Head of Project: Prof. Kärin Nickelsen, DFG Project Number 316001474

From the 1970s onwards, the life sciences have taken over the role of a leading science due to innovative technologies such as recombinant DNA and high throughput methods. Their dynamic is characterized both by a high level of competitiveness and by increasingly collaborative schemes of organisation. This development was intricately entangled with the rise of biotechnology. The Human Genome Project (HGP; ca. 1990-2003) stands as a paradigm for these developments. The HGP profoundly transformed the practices, research questions and methodologies of the life sciences. It was set up as an internationally coordinated association of independent laboratories in pursuit of one joint objective: to map and to sequence the human genome.

This project investigates how practices and conventions of cooperation were negotiated and implemented within and between participating (and thus effectively competing) laboratories during the 1980s and 1990s. Thus, the project focuses on a historical laboratory study of the research group of John E. Sulston (Cambridge, UK), which became a major player from the start, as their preferred model organism, the nematode C. elegans, had been selected for the pilot project of the HGP. Looking at the years 1985-1995, this laboratory and its embeddedness in the HGP network serves as a case for investigating how the concurrence of competition and cooperation acted towards shaping practices, methodologies and research questions, as well as the researchers’ self-descriptions and identities.

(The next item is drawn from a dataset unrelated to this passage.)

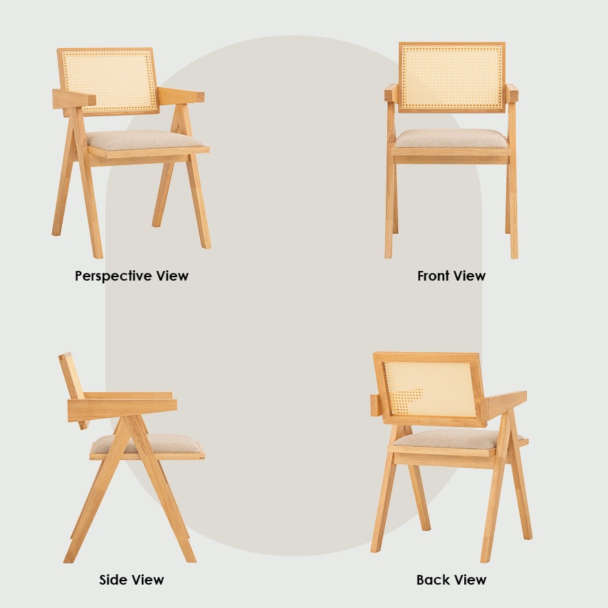 Set Meja Makan 6-Kerusi KAIRA diperbuat daripada kayu getah padu yang tahan lama. Kerusi dilengkapi sandaran rotan sintetik, kusyen tempat duduk dan lengan untuk keselesaan tambahan. Tersedia dalam warna natural atau hitam, sesuai untuk gaya Japandi, tropika atau kontemporari.

Of particular significance for these questions is the early history of the HGP, when conventions and regulations were being negotiated and established. The project will investigate the internal dynamics of the Sulston group and the close, sometimes competitive, cooperation with Robert Waterstons laboratory (St. Louis, USA). Eventually, the overarching network structure of the HGP will be examined by taking into account the role of the Human Genome Organisation (HUGO), an institution commissioned to coordinate the global collaboration in sequencing the human genome.


This project is part of the DFG-Research Group „Cooperation and Competition in the Sciences“ and is headed by Prof. Dr. Kärin Nickelsen.